The arbitration rules provide that if an application to set aside the award has not been made, the party filing the award may apply ex parte by summons for leave to enforce the award as a decree of the court. An application to set aside the award must be made within three months of receipt of the arbitral award by the applicant. However, it is noteworthy that the same rules also provide that all applications subsequent to the filing of an award should be served on all parties at least seven days before the hearing date. Consequently, the party against whom recognition and enforcement is sought will have an opportunity to challenge it on the grounds elaborated in 4.6 below.
If there were pre-existing proceedings before the High Court that relate to the arbitration, for instance where a party approached the court to appoint an arbitrator, the award should be filed within the same cause, otherwise it shall be given its own cause number in the register.
The court fee for filing an award is Kenya Shillings 10,000/-. However, this does not include the fees for the application for its enforcement and any further documents that may be filed in litigating challenges to enforcement. Where the parties are represented by advocates, their costs are regulated. The time it takes to enforce an arbitral award depends on whether the proceedings on enforcement are disputed and the schedule of the court that is entertaining the proceedings.

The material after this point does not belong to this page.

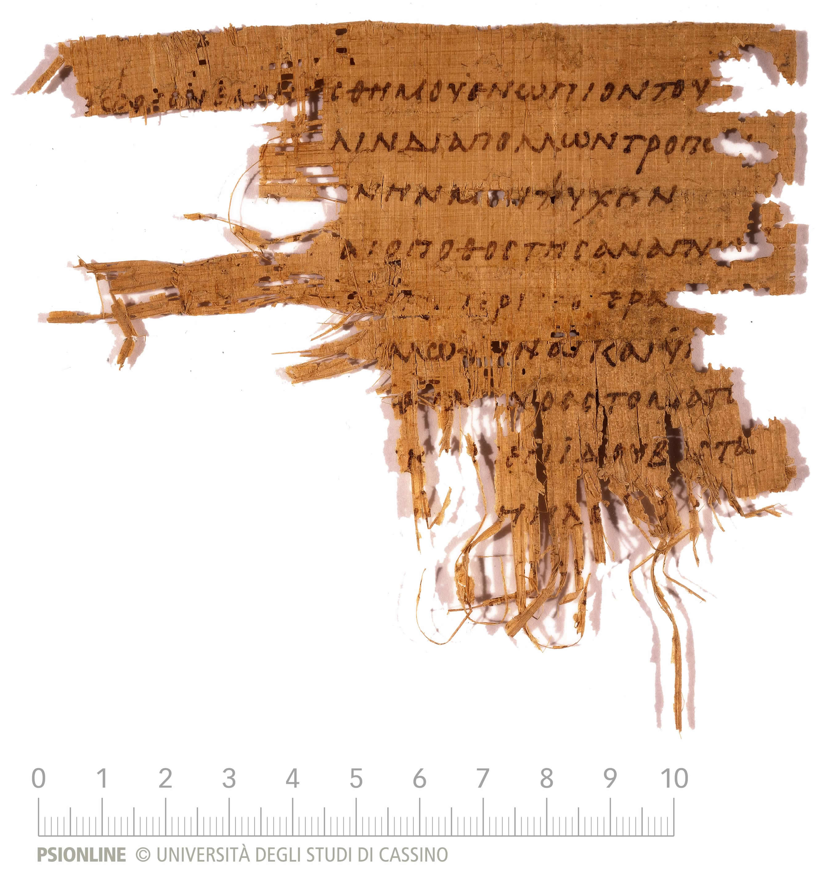 Il papiro proviene dagli scavi a Behnesa; tuttavia impossibile risalire all’anno del ritrovamento: nell’introduzione al II vol. (p. III, nt. 1) Vitelli premette che “… hanno scavato a Behnesa (Oxyrhynchos) il prof. Pistelli nell’inverno del 1910, 1912 e 1913, il dott. Farina nell’inverno del 1911”. Sul verso, si leggono le lettere ,,,. Datazione originaria: IV-V d.C. Bibliografia: Pack2 2899; F. Ronconi, “Papiri Letterari della Biblioteca Medicea Laurenziana”, CD-Rom, Cassino 2002, scheda nr. 120 (in cui è stata proposta la datazione al V d.C., qui riportata). |

The enforcement of an award, irrespective of the state in which it was made, may be refused on several grounds. These include:
• a party to the arbitration agreement was under some incapacity;
• the arbitration agreement is invalid under the law to which the parties have subjected it or under the law of the state where it was made;
• the party against whom the award was made was not given proper notice of the arbitrator’s appointment or of the arbitral proceedings or was unable to present his or her case;
• the award deals with a dispute not contemplated by the parties or not falling within the terms of the reference to arbitration or decided matters beyond the scope of the reference, provided that those parts are not severable from the rest of the award;
• the composition of the tribunal or its procedure was not as agreed by the parties or in accordance with the law of the state where the arbitration took place;
• the award has not yet become binding or has been set aside or suspended by a court of the state in which, or under the law of which, it was made;
• the making of the award was induced or affected by fraud, bribery, corruption or undue influence;
• the subject matter of the dispute is not capable of settlement by arbitration under Kenyan law;
• the enforcement of the award would be contrary to the public policy of Kenya. Additionally, under the Limitation of Actions Act, an action to enforce an award may not be brought after six years.